▸ **Brief**: Pictures appear among the records below and must be omitted. Repeat exactly the lines from the line with "초등학생을위한 새로운 Kapibara" to the line with "4月22日,伴随着激扬的《中", both included.

▸ **Data extracts**:

------------------------------------------------------------------------

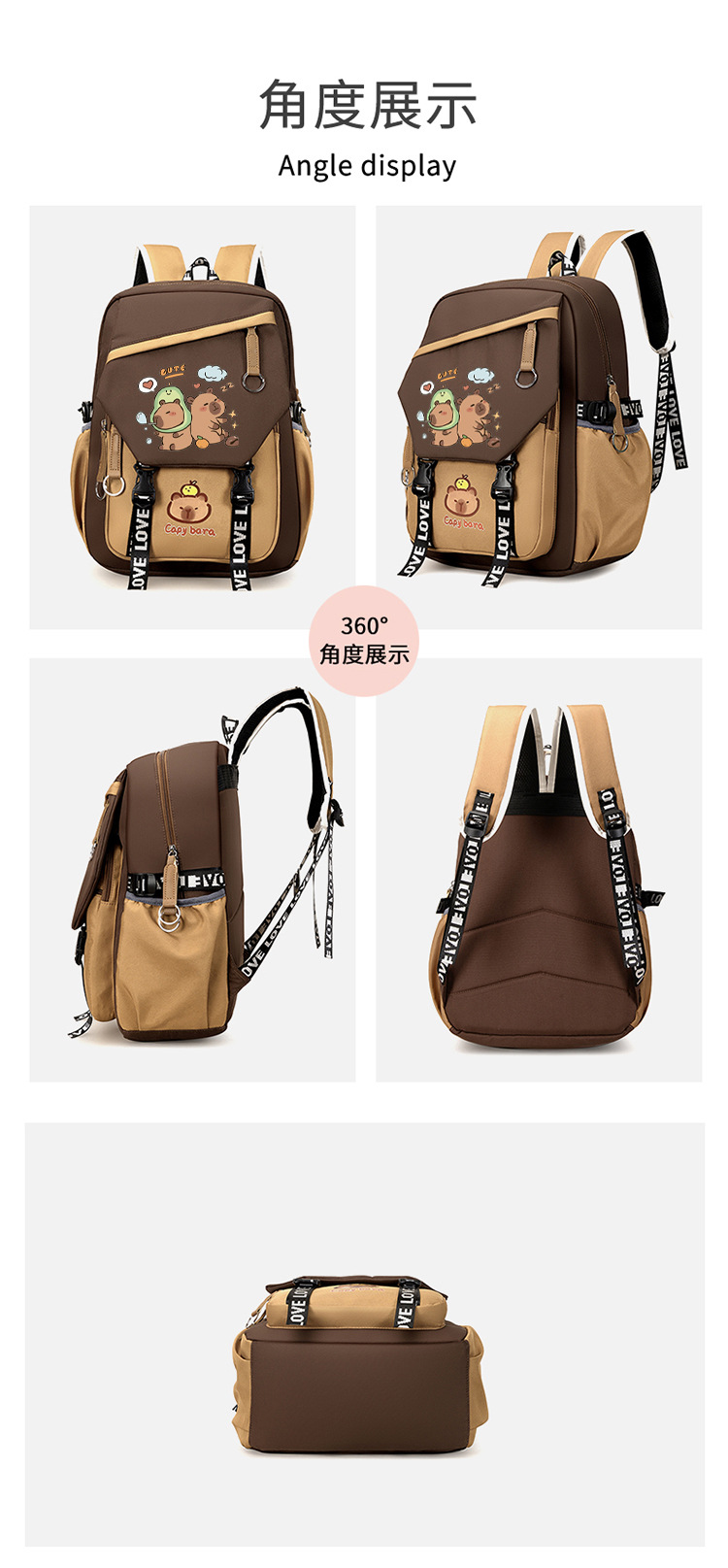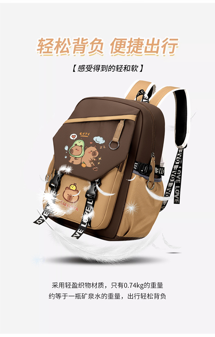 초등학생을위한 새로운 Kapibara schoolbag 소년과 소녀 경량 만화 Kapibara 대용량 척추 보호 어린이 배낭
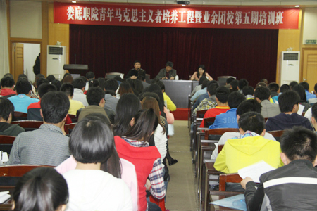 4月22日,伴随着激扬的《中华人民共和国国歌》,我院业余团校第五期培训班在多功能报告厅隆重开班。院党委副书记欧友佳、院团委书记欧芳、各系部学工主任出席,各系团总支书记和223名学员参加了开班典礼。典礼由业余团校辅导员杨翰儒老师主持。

------------------------------------------------------------------------

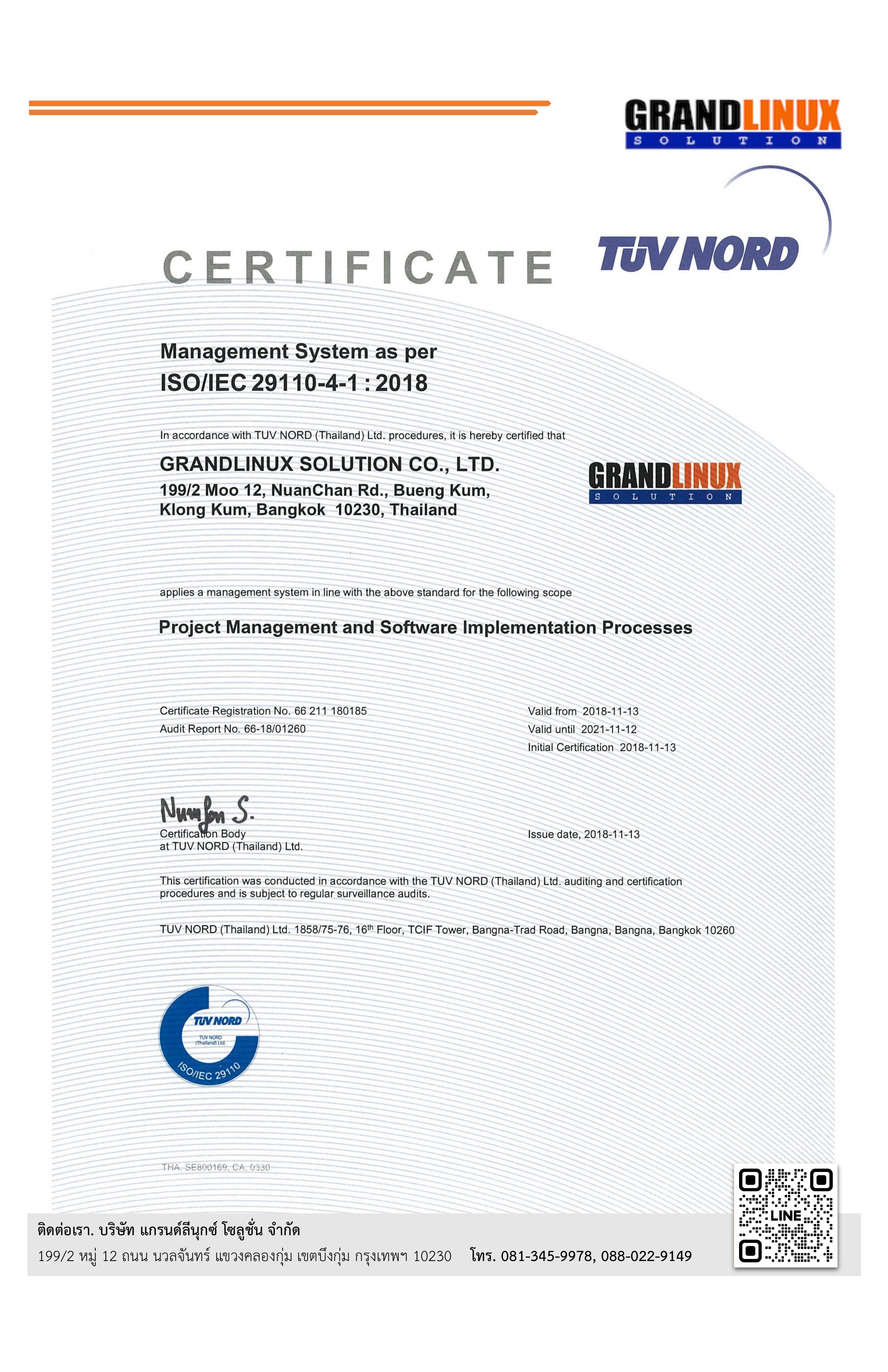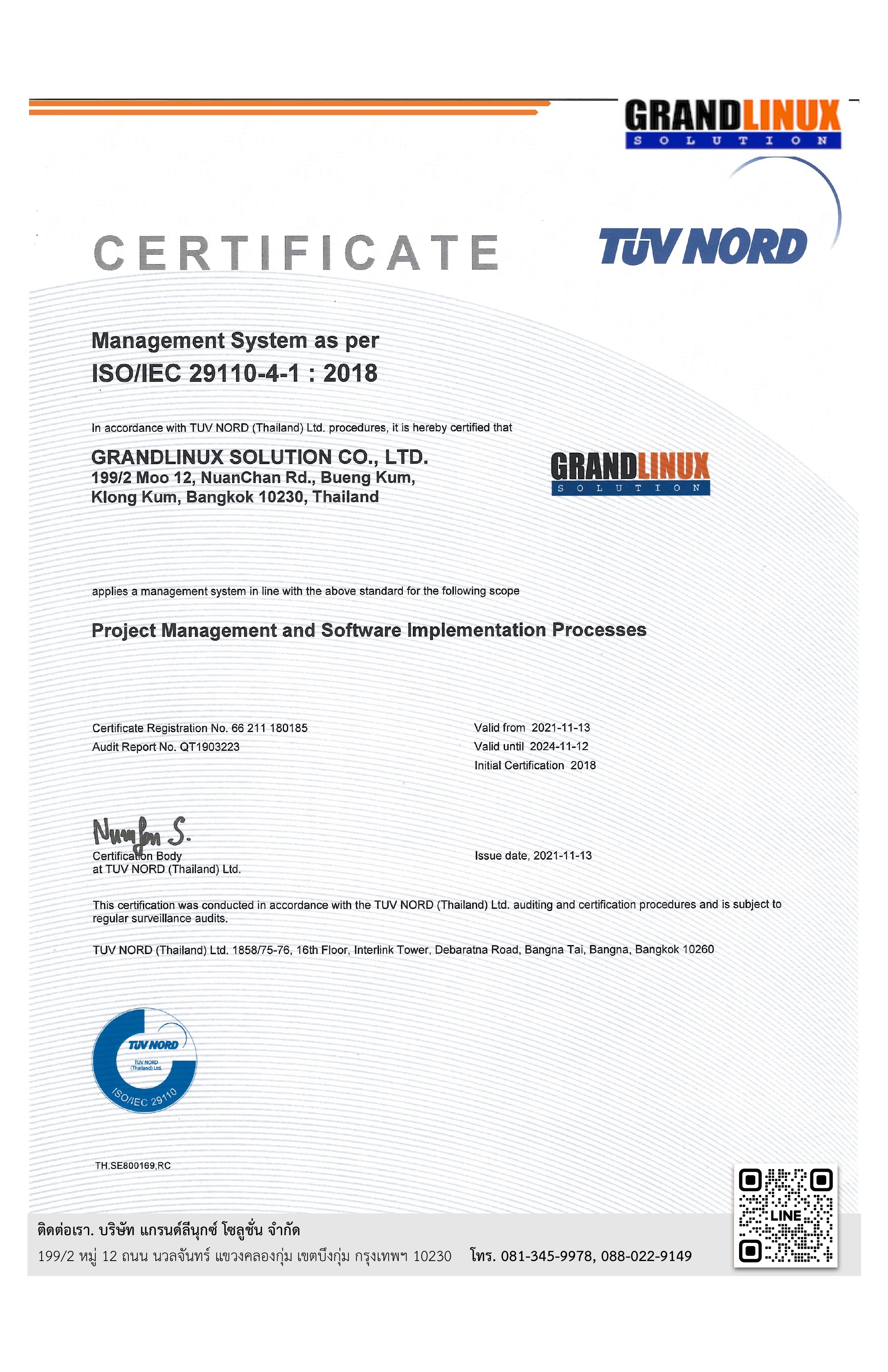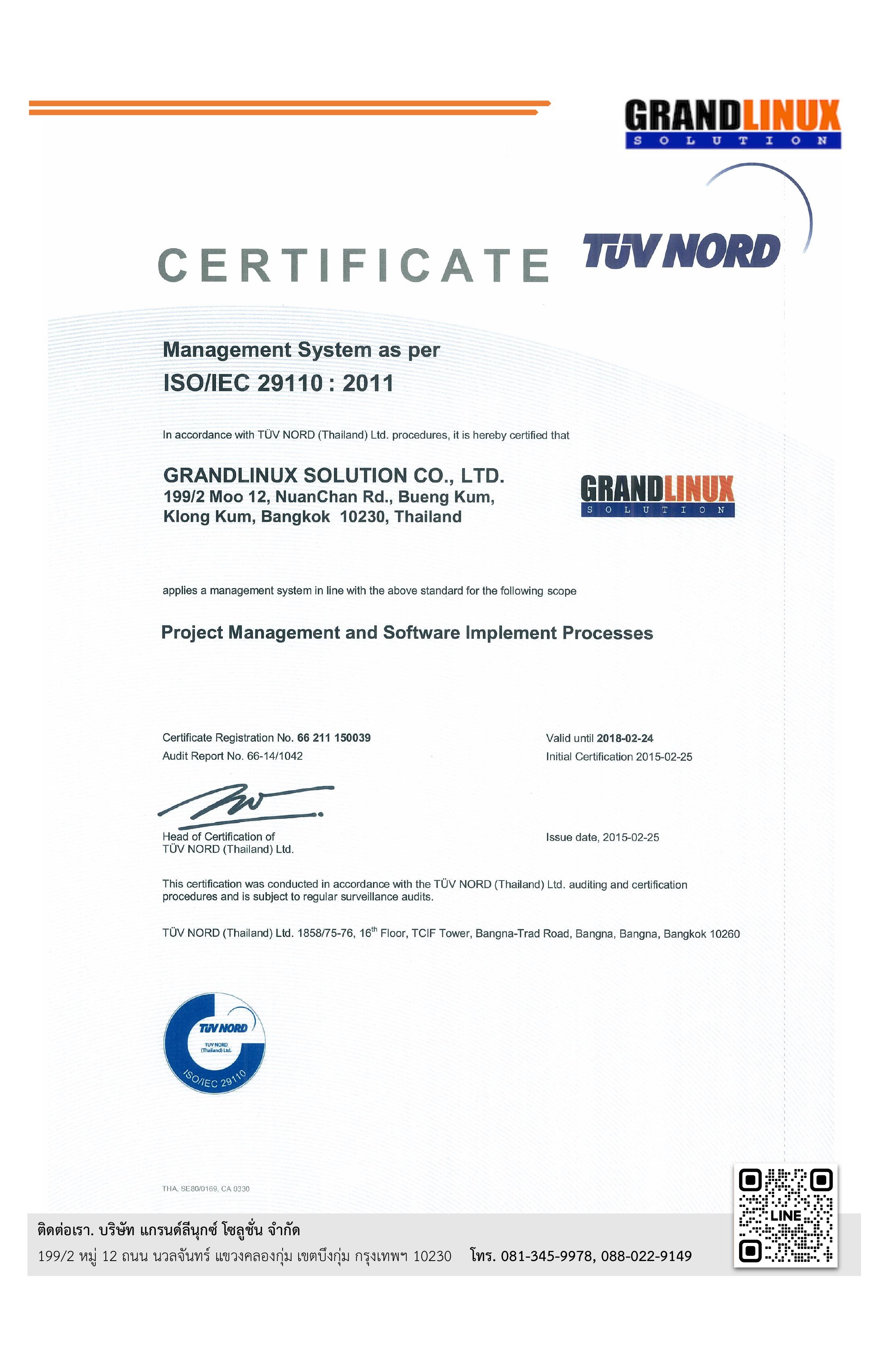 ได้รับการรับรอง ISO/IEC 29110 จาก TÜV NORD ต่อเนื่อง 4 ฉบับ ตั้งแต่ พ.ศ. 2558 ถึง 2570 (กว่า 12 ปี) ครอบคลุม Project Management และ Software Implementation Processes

------------------------------------------------------------------------

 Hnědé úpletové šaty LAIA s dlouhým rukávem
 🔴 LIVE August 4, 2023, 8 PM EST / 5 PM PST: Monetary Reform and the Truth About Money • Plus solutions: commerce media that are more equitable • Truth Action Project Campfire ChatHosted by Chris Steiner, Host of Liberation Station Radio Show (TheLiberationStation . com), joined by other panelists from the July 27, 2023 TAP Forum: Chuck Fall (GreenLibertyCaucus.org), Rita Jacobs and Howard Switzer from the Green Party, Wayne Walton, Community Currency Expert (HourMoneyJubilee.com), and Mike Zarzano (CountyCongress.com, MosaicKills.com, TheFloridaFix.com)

------------------------------------------------------------------------

▸ **Exercise result**:
 초등학생을위한 새로운 Kapibara schoolbag 소년과 소녀 경량 만화 Kapibara 대용량 척추 보호 어린이 배낭
 4月22日,伴随着激扬的《中华人民共和国国歌》,我院业余团校第五期培训班在多功能报告厅隆重开班。院党委副书记欧友佳、院团委书记欧芳、各系部学工主任出席,各系团总支书记和223名学员参加了开班典礼。典礼由业余团校辅导员杨翰儒老师主持。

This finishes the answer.